Stadtspaziergang mit “Franz-Hermann, dem Sparschwein”
am Freitag, 18.05.2012, 14.00 bis 16.00 Uhr, Grazer Innenstadt

“Franz-Hermann, das Sparschwein” führt uns zu verschiedenen Schauplätzen des Kaputtkürzens, zu Opfern und Tätern.

Unsere Route bringt uns vom Sitz der Landesregierung in der Burg über Karmeliterplatz (Jugend- und Fraueniniativen), Sporgasse (Werkstadt Graz, KünstlerInneninitiative), Herrengasse, Landhaus (Sitz des Landtages) in die Schmiedgasse zum Sozialamt und zur Volksbanken AG. Der Spaziergang wird musikalisch begleitet.

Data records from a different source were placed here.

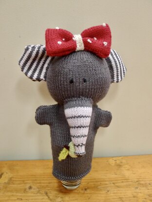 For anyone who loves knitting toys and anyone who loves puppets these two are sure to be a hit. Emily is a lovely dark grey elephant with a stripy trunk and ears. She is sporting a spectacular red bow with white polka dots and she is holding on to her apple with her trunk. Wallace is sure to stand out in the toy-box with his mane of sparkling red and he is a great fan of flowers and has picked a few which he is keeping in his special pocket. The puppets are not difficult to make but they require patience with sewing up to achieve a good finish, especially Wallace as you will be sewing into the eyelash yarn which can be a bit of a fiddle at times. The end result is definitely worth it though.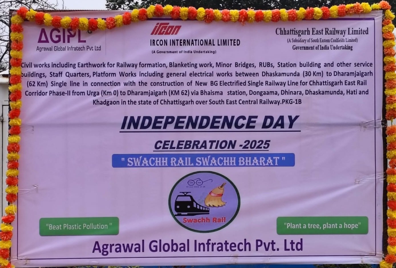 धरमजयगढ़ – राष्ट्र के 79 वें स्वतंत्रता दिवस 2025 का उत्सव धरमजयगढ़ रेल परियोजना स्थल पर धूमधाम से मनाया गया। इस अवसर पर छत्तीसगढ़ ईस्ट रेलवे लिमिटेड और इरकॉन इंटरनेशनल लिमिटेड के सहयोग से अग्रवाल ग्लोबल इन्फ्राटेक प्राइवेट लिमिटेड ने विशेष कार्यक्रम आयोजित किया।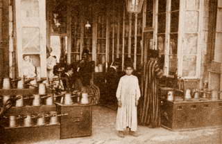 Magasin de repassage de tarbouches au Caire, en 1924.Un élégant se faisait repasser son tarbouche une fois par semaine. Cliché Burton Holmes. |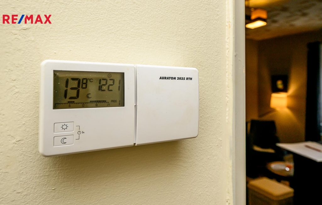 V bytě je ústřední vytápění, zdrojem vytápění je elektrokotel, ohřev vody je zajištěn elektrickým bojlerem, k vaření slouží dvouplotýnková sklokeramická varná deska. Příčka mezi obytnou ložnicí a kuchyní je provedena ze sádrokartonu. Podlahy jsou dřevěné, je na nich položeno PVC.
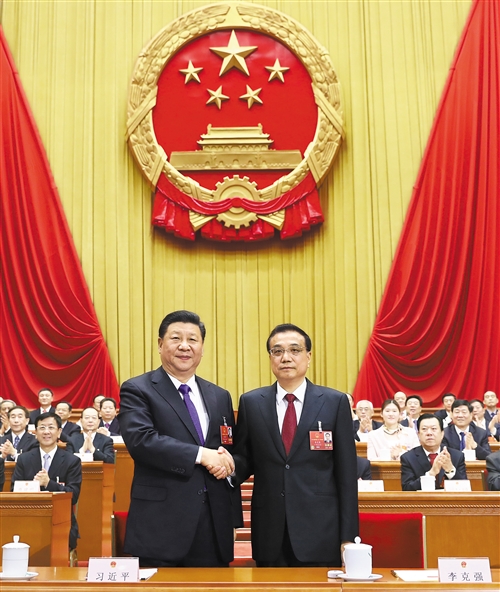 3月18日,十三届全国人大一次会议在北京人民大会堂举行第六次全体会议。根据国家主席习近平的提名,经过投票表决,决定李克强为中华人民共和国国务院总理。这是习近平同李克强亲切握手。 新华社记者 鞠 鹏摄

Beginn: pünktlich (!) um 14.00 Uhr vor der Burg – wir wollen pünktlich mit dem Spaziergang starten!

 

Bitte kommt möglichst zahlreich und bringt FreundInnen mit – denn: Die Landesregierung setzt ihren Kahlschlagkurs unbeirrt fort und hat für 2013/14 ein weiteres Doppelbudget mit zusätzlichen Kürzungen von jeweils nochmals 100 Millionen Euro pro Jahr (!) angekündigt. Beschlossen wird das Kürzungspaket zwar erst im Herbst, aber es ist wichtig, schon jetzt durch kraftvolle Aktionen öffentliche Präsenz zu zeigen – noch haben wir die Chance, bis zum Herbst die öffentliche Meinung zu unseren Gunsten zu beeinflussen!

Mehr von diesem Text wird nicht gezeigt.